Q 1 List any five functions of the pandas library with execution.

Ans - Sure! Here are five functions from the pandas library along with their execution examples:

(1) read_csv(): This function is used to read data from a CSV file and create a DataFrame.

In [None]:
import pandas as pd

# Reading data from a CSV file and creating a DataFrame
df = pd.read_csv('data.csv')

# Print the first few rows of the DataFrame
print(df.head())


(2) groupby(): This function is used to group data based on one or more columns and perform aggregate operations on the groups.

In [None]:
import pandas as pd

# Assuming df is a DataFrame containing 'Name', 'Age', and 'Score' columns

# Group data by 'Age' and calculate the average 'Score' for each age group
grouped_df = df.groupby('Age')['Score'].mean()

# Print the result
print(grouped_df)


(3) merge(): This function is used to merge two DataFrames based on a common key or index.

In [None]:
import pandas as pd

# Assuming df1 and df2 are two DataFrames with a common column 'ID'

# Merge the DataFrames on the 'ID' column
merged_df = pd.merge(df1, df2, on='ID')

# Print the merged DataFrame
print(merged_df)


(4) pivot_table(): This function is used to create a pivot table from a DataFrame

In [None]:
import pandas as pd

# Assuming df is a DataFrame containing 'Name', 'Age', 'Score', and 'Grade' columns

# Create a pivot table with 'Age' as rows, 'Grade' as columns, and 'Score' as values
pivot_table = df.pivot_table(index='Age', columns='Grade', values='Score', aggfunc='mean')

# Print the pivot table
print(pivot_table)


(5) drop_duplicates(): This function is used to remove duplicate rows from a DataFrame.

In [None]:
import pandas as pd

# Assuming df is a DataFrame with possible duplicate rows

# Drop duplicate rows based on all columns
deduplicated_df = df.drop_duplicates()

# Print the DataFrame after removing duplicates
print(deduplicated_df)


Q 2 Given a Pandas DataFrame df with columns 'A', "B', and 'C',write a Python function to re-index the DataFrame with a new index that starts from 1 and increments by 2 for each row.

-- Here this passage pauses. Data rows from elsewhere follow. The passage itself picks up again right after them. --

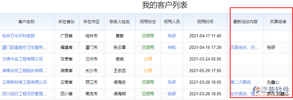 1、【我的客戶(hù)】這個(gè)表可以直觀的查看關(guān)于當(dāng)前銷(xiāo)售人員所有的客戶(hù),別人共享給當(dāng)前用戶(hù)的客戶(hù)、自己領(lǐng)用的客戶(hù)、以及設(shè)置為公用的客戶(hù)都可以在當(dāng)前表中查詢(xún)所有與當(dāng)前用戶(hù)相關(guān)的客戶(hù)
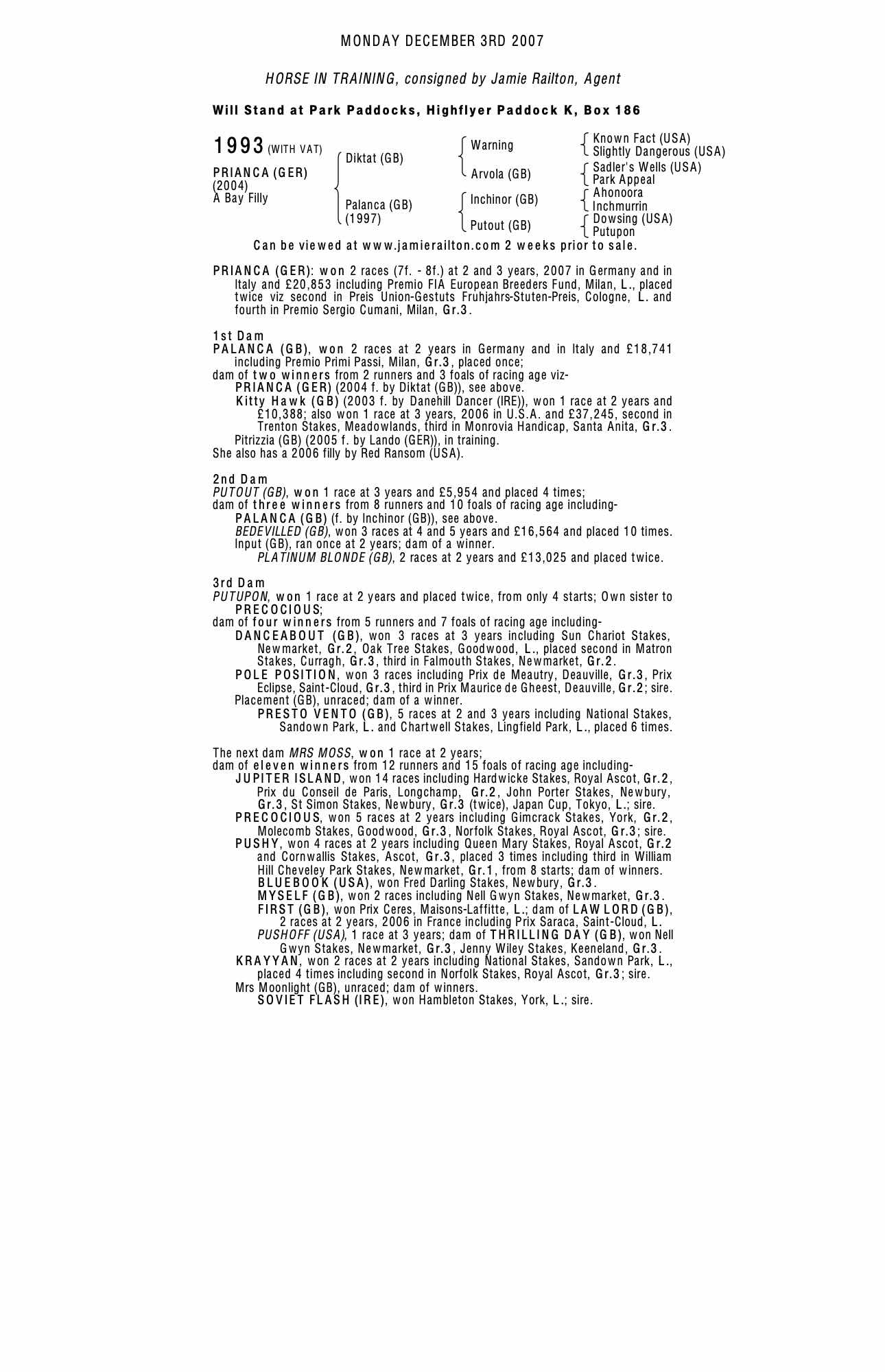 December Foal Sale 2003 lot 988 F. by Danehill Dancer (IRE) 2003, Castletown Stud, Ireland (Agent)=>Tom Magnier 70,000 gns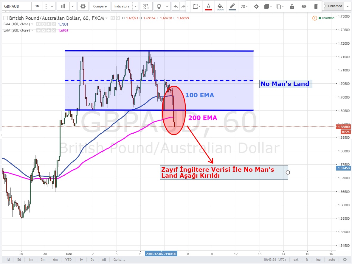 GBPAUD için sabah konuştuğumuz yatay kanal beklenti altı gelen Ekim ayı İngiltere İmalat Verileri ile ( (%-0.9 vs %0.2 ) aşağı kırıldı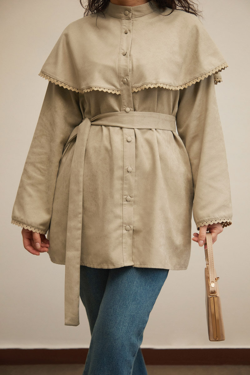 Lace Detailed Suede Shirt Stone blends romantic touches with a modern silhouette. Its soft suede texture offers a structured yet elegant look, while the lace details on the shoulders and chest add a feminine character to the design. With a button-front closure and straight cut, it provides comfortable wear and can be easily styled with skirts, trousers, or pinafores. A special wardrobe piece for those who want to elevate everyday style with refined details.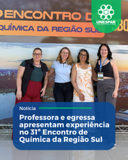 A Profa. Dra. Dileize Valeriano da Silva e a egressa Evely Bernardi da Maia, ambas vinculadas ao curso de Química do Campus de União da Vitória da Unespar, participaram do 31º Encontro de Química da Região Sul (SBQSul), realizado entre os dias 19 e 21 de novembro, no Campus de Toledo da Unioeste.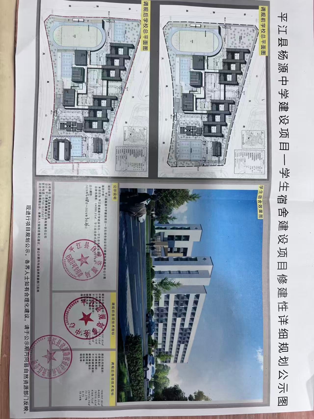 今有平江县杨源中学向我局提交审查《平江县杨源中学建设项目-学生宿舍建设项目修建性详细规划公示》的申请。现根据《中华人民共和国行政许可法》和《中华人民共和国城乡规划法》的规定,对该项目规划依法予以公示。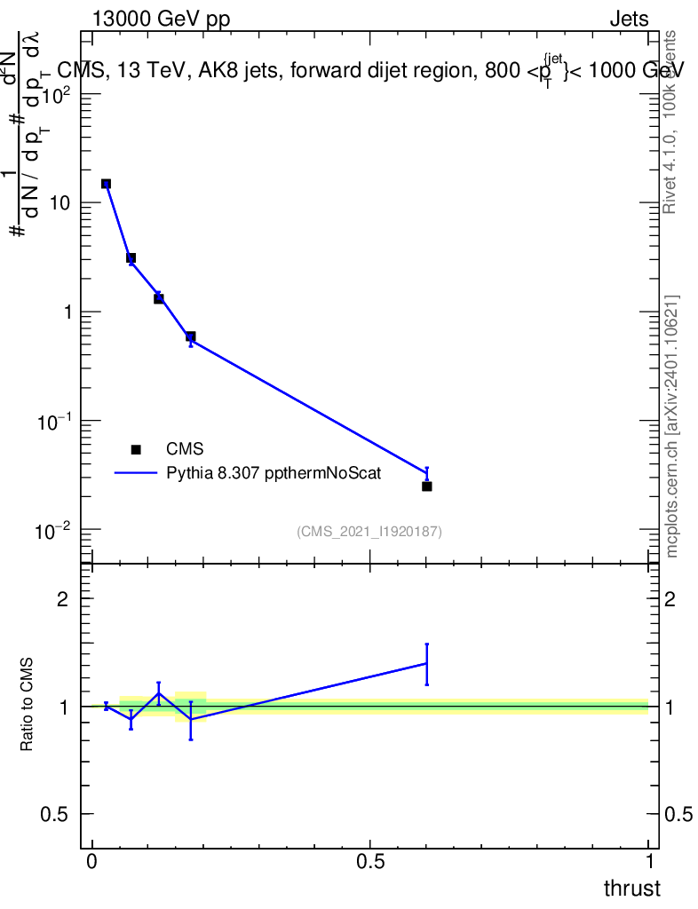 Lines: data, pythia8 8.307 ppthermNoScat |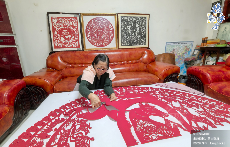 岁聿云暮,春祺将至,2026丙午马年踏歌而来。近日,在这辞旧迎新的美好时节,山西省工艺美术大师、省级非物质文化遗产代表性传承人、孝义剪纸传承人郭润芝耗时4个多月匠心创作,一幅2.5米×2.5米的巨型团花剪纸《百马呈祥图》惊艳亮相。作品以精湛剪刻技艺喜迎新春、传递吉祥,让千年非遗文化在马年到来之际焕发出别样的新春光彩。©山西新闻网 发|李竹华 摄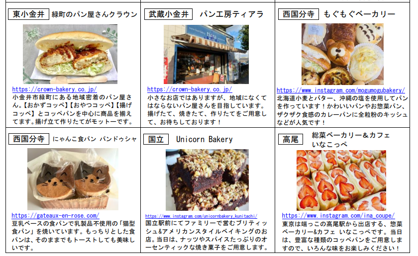 ■開催日時: 2023 年 11 月 11 日(土)・12 日(日) 10:00~17:00 ※小雨決行・荒天中止 ■開催場所: 【武蔵境会場】武蔵境 nonowa Terrace (武蔵境駅南口よりすぐ) 【東小金井会場】コミュニティステーション東小金井 (東小金井駅北口より徒歩 3 分) ■入場料:無料 ■購入方法: パンお買いもの回数券、または店舗毎の購入 ※回数券は EC 販売のみの取扱いとなります(当日販売なし)。 ※店舗毎にお取り扱いできる決済方法が異なります。 ■公式ページ:https://chuosuki.jp/event2/chuo_pan/ ■出店ショップ:さくらやま果房(中野)/ boulangerie ECLIN(高円寺)/ 天然酵母パンの happyDELI(西荻窪)/ すずめベーカリー(吉祥寺)/ ドイツパンの店リンデ(吉祥寺)/ Mi ジャム(三鷹)/ ブロート・オーフェン(武蔵境)/ ハースブラウン武蔵境店(武蔵境)/ クラウンベーカリー武蔵境(武蔵境)/ 緑町のパン屋さんクラウン(東小金井)/ パン工房ティアラ(武蔵小金井)/ もぐもぐベーカリー(西国分寺)/ にゃんこ食パン パンドゥシャ(西国分寺)/ Unicorn Bakery(国立)/ 総菜ベーカリー&カフェ いなこっぺ(高尾)/ 菓子工房なつの(小平市)/ Amori(西東京市)/ ベーカリーハウスマイ(東久留米市)/ Q&D(町田市)/ TOKYO CAMP(中央区)/ coco cherie ※出店ショップは追加・変更となる場合がございます。 |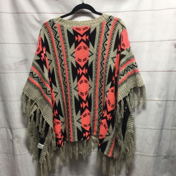 SUPER SOFT NEON TRIBAL PRINT PONCHO WITH DANGLY FRINGE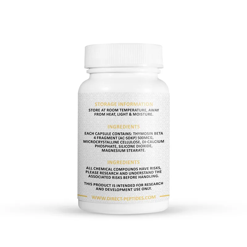 Buy Thymosin Beta-4 Fragment Capsules Ireland, Ac-SDKP 500mcg are intended for research use only and should only be handled by trained professionals. These capsules contain Ac-SDKP, a tetrapeptide from thymosin beta-4 (TB-4), known for its role in supporting tissue regeneration, angiogenesis, and managing inflammatory responses.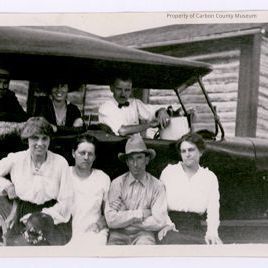 Update - January 2010: Black & white print. Snapshot. Image of a group of seven people sitting in & on a vintage automobile. Two men & a woman are inside the automobile. Three women & a man are sitting on the right side running board. Log structure in background. All appear casually dressed.

Ans - To re-index the DataFrame with a new index that starts from 1 and increments by 2 for each row, you can use the reset_index() function in pandas along with some additional steps. Here's a Python function that achieves this:

In [3]:
import pandas as pd

def reindex_dataframe(df):
    # Reset the existing index to default integer index
    df_reset = df.reset_index(drop=True)

    # Create a new index starting from 1 and incrementing by 2 for each row
    new_index = pd.Series(range(1, len(df_reset)*2, 2))

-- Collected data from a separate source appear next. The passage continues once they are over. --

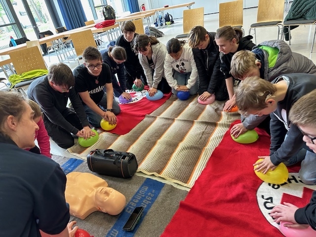 Am 8. Mai besuchte uns unser Ausbilder Mattis Bohne vom Jugendrotkreuz noch einmal, um mit uns einen weiteren wichtigen Teil der Ersten Hilfe zu üben: die Herz-Lungen-Wiederbelebung (HLW). Hier lernten wir die richtige Technik, um bei einem Herzstillstand effektiv helfen zu können. Wir übten die Wiederbelebung an Puppen. Das war ganz schön anstrengend.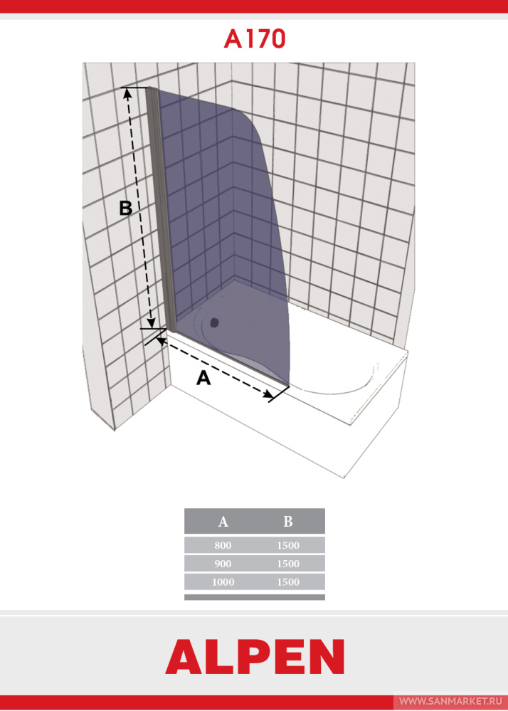 Душевая шторка ALPEN A170N-90 есть в наличии на наших складах. Вы можете купить модель Душевая шторка ALPEN A170N-90 от производителя с бесплатной доставкой при цене заказа от 25000 рублей. В интернет-магазине www.sanmarket.ru всегда низкие цены на Шторки на ванну бренда . У нас выгодные условия обмена товара и широкие возможности по безналичной оплате.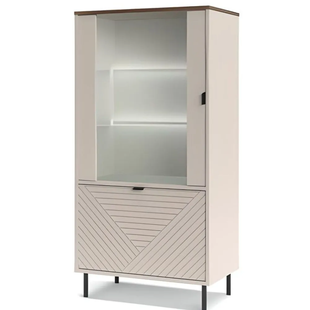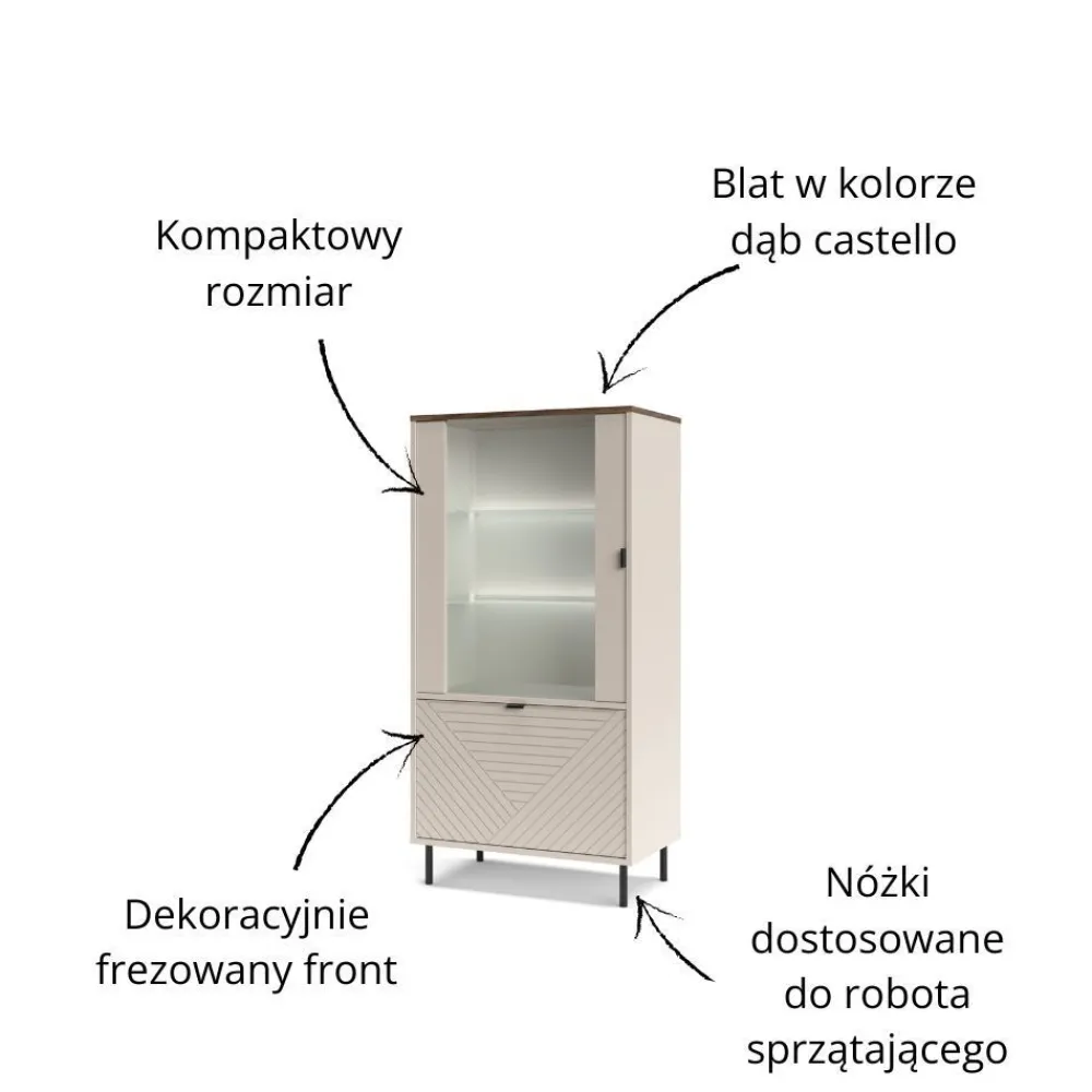 Szeroka witryna loftowa EVO 1D1W EO-10 to doskonały wybór dla osób, które cenią nowoczesny, industrialny styl w swoim salonie. Witryna łączy surowy charakter loftowego designu z elegancją, co tworzy unikalną estetykę idealnie wpisującą się w trendy aranżacyjne. Korpus w kolorze kaszmiru oraz szklane fronty i półki nadają meblowi lekkości i wprowadzają do wnętrza przestronność. Ryflowany front szafki, wykonany z płyty MDF, dodaje całości wyjątkowego charakteru i podkreśla industrialny styl. Taka witryna doskonale sprawdzi się jako centralny element salonu, przyciągając wzrok i nadając wnętrzu nowoczesnego charakteru. To mebel, który nie tylko wypełnia przestrzeń, ale również nadaje jej unikalnego stylu, podkreślając wyjątkowość Twojego wnętrza.

    # Assign the new index to the DataFrame
    df_reset['new_index'] = new_index

    # Set the new index as the index of the DataFrame
    df_reset.set_index('new_index', inplace=True)

    return df_reset

# Example DataFrame with columns 'A', 'B', and 'C'
data = {
    'A': [10, 20, 30, 40],
    'B': [100, 200, 300, 400],
    'C': [1000, 2000, 3000, 4000]
}
df = pd.DataFrame(data)

# Call the reindex_dataframe function and print the result
df_reindexed = reindex_dataframe(df)
print(df_reindexed)


            A    B     C
new_index               
1          10  100  1000
3          20  200  2000
5          30  300  3000
7          40  400  4000


In this function, we first reset the existing index of the DataFrame using reset_index(drop=True), which creates a default integer index starting from 0. Then, we create a new index using pd.Series(range(1, len(df_reset)*2, 2)), which generates a Series of numbers starting from 1 and incrementing by 2 for each row.

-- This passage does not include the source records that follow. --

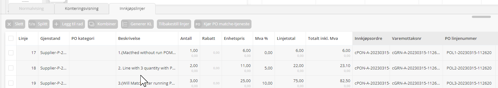 Dette må brukes dersom ERP systemet støtter mottak av konteringslinjer. Når denne funksjonen aktiveres vises en ekstra arkfane med konteringslinjer inne på ordrefakturaen. Ved hjelp av knappen "Generer KL" vil konteringslinjer genereres på samme måte som for kostfaktura. Disse linjene vil kontrolleres (valideres) på samme måte som vanlige konteringslinjer. - Aktiver visning av avvik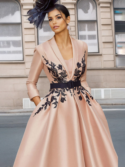 A Line Cowl Neck 3/4 Sleeves Tea Length Elegant Mother Dresses CM0348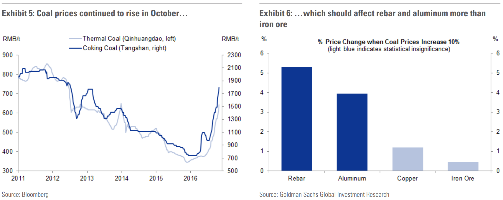 Because coal is an input for the metals industry, higher coal prices can be passed onto end-users via higher metal prices. To test if this is the main driver of the October ferrous rally, we look at the historical relationship between movements in coal prices and movements in the prices of iron ore, rebar, copper and aluminum. Our estimates show that the effect of coal prices is the largest for rebar and aluminum, but small and insignificant for copper and iron ore (Exhibit 6). This result makes intuitive sense since metallurgical coal is a key input for steel making and aluminum smelting relies on coal-fired power generation. From a fundamental perspective, more expensive steel, when driven by higher coal prices, should not boost the demand for iron ore. But in the short run, behavioral explanations such as the belief that iron ore prices should follow steel prices could affect the market.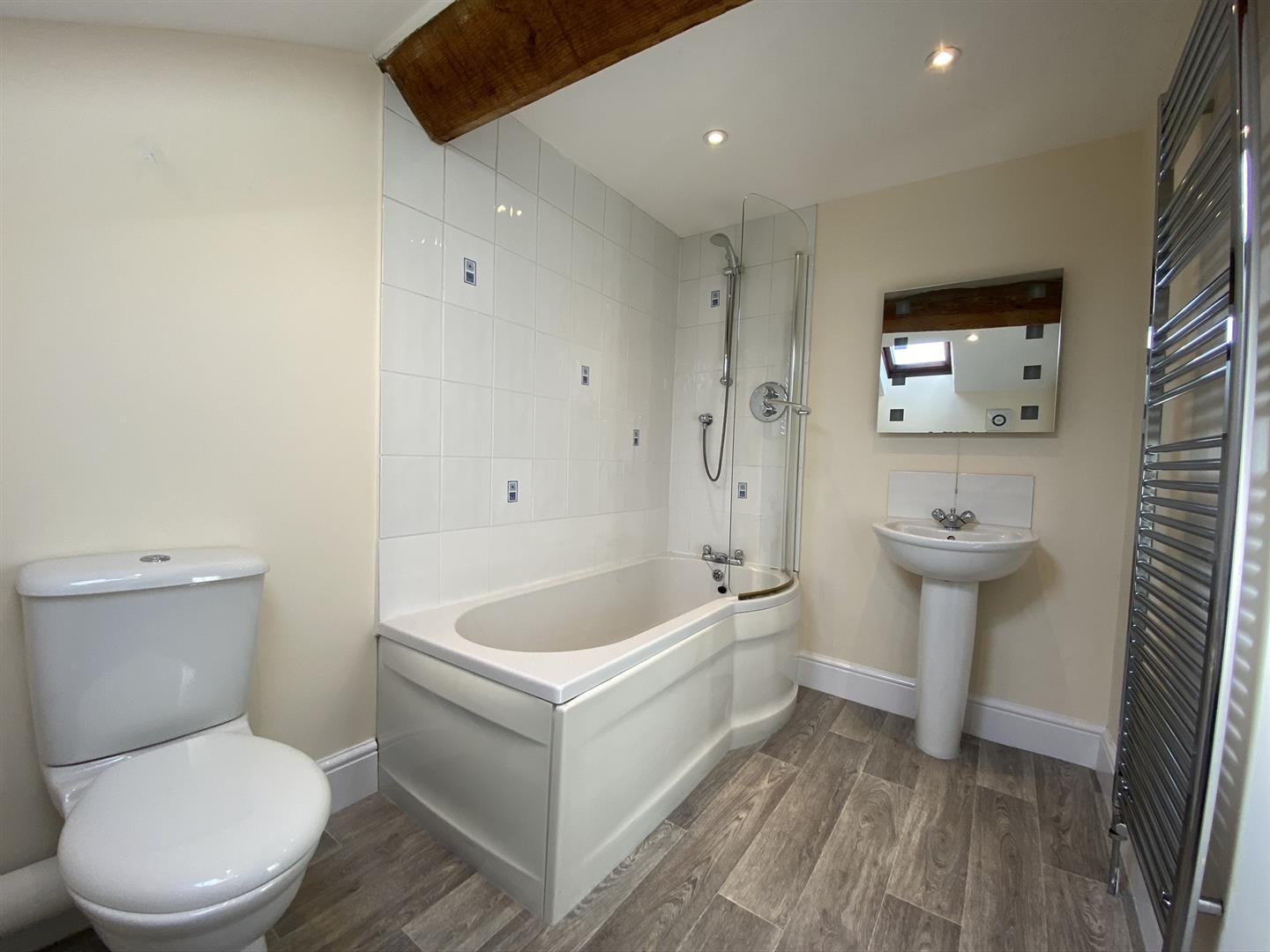 Stairs from the kitchen lead up to the first-floor area where there are two bedrooms. The upstairs is carpeted throughout. The master bedroom is large with a walk-in wardrobe and an en-suite bathroom with a bath and shower over, French windows to the rear and circular window to the front elevation. The second bedroom is again of a good size and is serviced by a shower room off the landing.

Next, we add the new index as a new column to the DataFrame (df_reset['new_index'] = new_index) and set it as the index of the DataFrame using df_reset.set_index('new_index', inplace=True).

The final result is the DataFrame with the new index starting from 1 and incremented by 2 for each row.

Q 3 You have a Pandas DataFrame df with a column named 'Values'. Write a Python function that iterates over the DataFrame and calculates the sum of the first three values in the 'Values' column. The function should print the sum to the console.

Ans - You can achieve this without explicitly iterating over the DataFrame using the pandas built-in functions. The pandas library provides vectorized operations, which are generally more efficient and faster than explicit iteration. Here's how you can calculate the sum of the first three values in the 'Values' column without explicit iteration:

In [4]:
import pandas as pd

def calculate_sum_of_first_three(df):
    # Calculate the sum of the first three values in the 'Values' column
    sum_first_three = df['Values'].head(3).sum()

    # Print the sum to the console
    print("Sum of the first three values:", sum_first_three)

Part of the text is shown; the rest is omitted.